* [Problem to solve]: Please print the entries below exactly, from the line with "Eibhinn 39″ Tall" through the line with "Para os elementos", including both of those lines and leaving out all others.

* [Data provided]:

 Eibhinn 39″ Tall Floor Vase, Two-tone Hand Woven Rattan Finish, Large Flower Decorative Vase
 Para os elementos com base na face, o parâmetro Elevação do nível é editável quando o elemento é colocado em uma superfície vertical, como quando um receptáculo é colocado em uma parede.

* * *

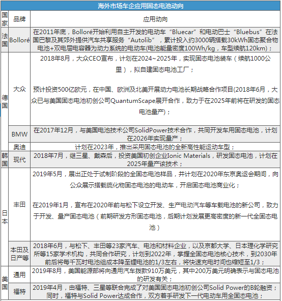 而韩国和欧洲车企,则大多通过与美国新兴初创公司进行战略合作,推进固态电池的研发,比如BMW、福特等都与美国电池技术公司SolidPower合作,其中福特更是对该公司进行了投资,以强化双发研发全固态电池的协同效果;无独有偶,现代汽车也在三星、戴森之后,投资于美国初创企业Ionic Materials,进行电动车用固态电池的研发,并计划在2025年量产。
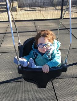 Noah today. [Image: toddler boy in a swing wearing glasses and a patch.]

---

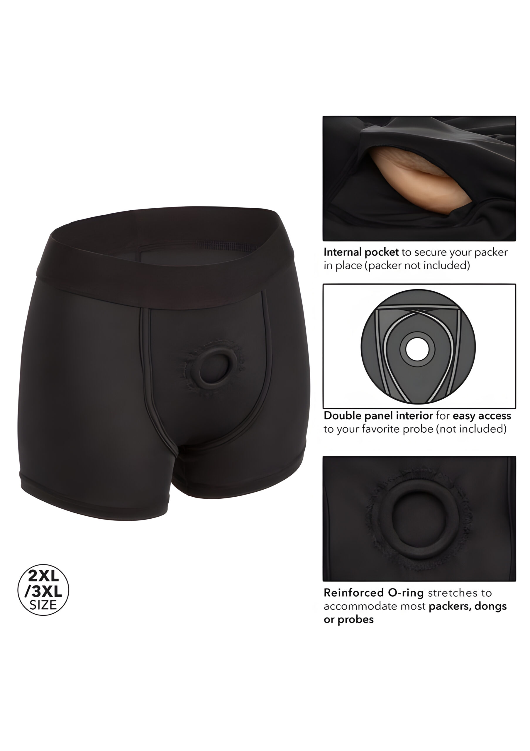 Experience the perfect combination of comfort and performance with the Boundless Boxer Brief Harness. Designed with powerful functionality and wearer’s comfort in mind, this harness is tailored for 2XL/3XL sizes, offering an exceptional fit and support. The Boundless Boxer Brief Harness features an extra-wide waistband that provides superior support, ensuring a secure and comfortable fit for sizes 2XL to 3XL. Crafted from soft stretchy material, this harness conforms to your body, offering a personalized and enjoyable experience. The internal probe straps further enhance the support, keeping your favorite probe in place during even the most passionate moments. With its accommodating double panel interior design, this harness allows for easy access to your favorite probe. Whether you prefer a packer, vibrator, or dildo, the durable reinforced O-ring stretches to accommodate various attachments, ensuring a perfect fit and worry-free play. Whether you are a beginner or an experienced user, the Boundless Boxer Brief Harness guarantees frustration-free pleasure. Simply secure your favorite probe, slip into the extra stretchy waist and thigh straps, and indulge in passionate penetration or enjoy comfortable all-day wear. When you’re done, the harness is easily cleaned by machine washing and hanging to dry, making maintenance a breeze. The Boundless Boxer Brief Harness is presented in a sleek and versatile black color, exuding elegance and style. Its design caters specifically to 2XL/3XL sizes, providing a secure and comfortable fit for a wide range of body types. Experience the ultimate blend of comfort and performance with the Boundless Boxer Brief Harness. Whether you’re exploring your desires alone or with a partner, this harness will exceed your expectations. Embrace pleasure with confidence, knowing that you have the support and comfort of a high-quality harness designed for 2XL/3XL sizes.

* [Exercise output]:
 Eibhinn 39″ Tall Floor Vase, Two-tone Hand Woven Rattan Finish, Large Flower Decorative Vase
 Para os elementos com base na face, o parâmetro Elevação do nível é editável quando o elemento é colocado em uma superfície vertical, como quando um receptáculo é colocado em uma parede.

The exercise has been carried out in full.